- Goal of the exercise -
Beginning with the line that contains "Açılan sayfada JWT" and ending with the line that contains "秋冬复古气质时尚宽松立领双面毛呢大衣中长款外套女", reproduce the lines of the entries below exactly, omitting pictures.
*** Opening The records ***
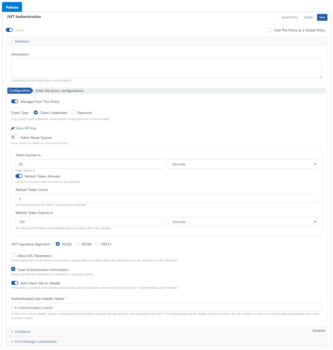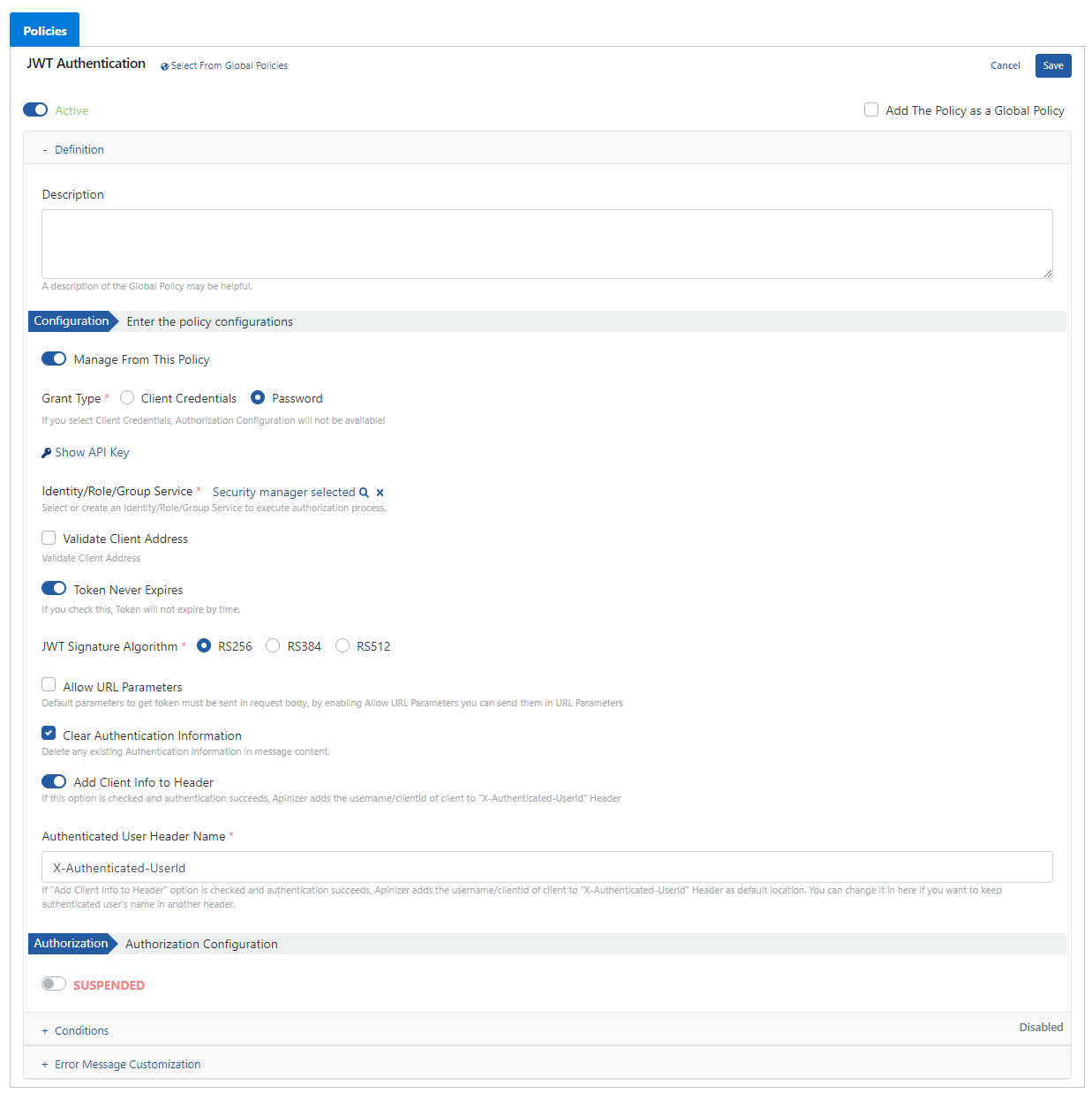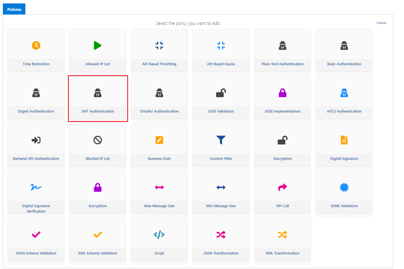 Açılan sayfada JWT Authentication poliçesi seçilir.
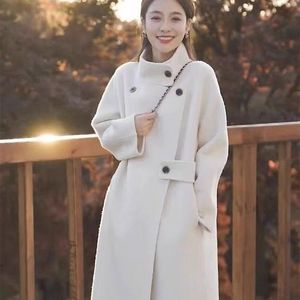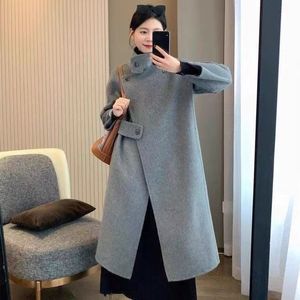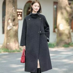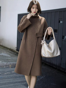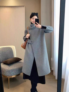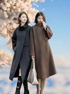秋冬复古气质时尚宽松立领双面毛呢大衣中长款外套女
*** Closing The records ***
*** Opening The records ***
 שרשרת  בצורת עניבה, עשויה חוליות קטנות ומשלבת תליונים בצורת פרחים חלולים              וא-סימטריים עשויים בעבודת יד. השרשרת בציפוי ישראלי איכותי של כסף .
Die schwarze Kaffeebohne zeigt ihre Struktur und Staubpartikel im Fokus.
*** Closing The records ***
- Solution -
 Açılan sayfada JWT Authentication poliçesi seçilir.
秋冬复古气质时尚宽松立领双面毛呢大衣中长款外套女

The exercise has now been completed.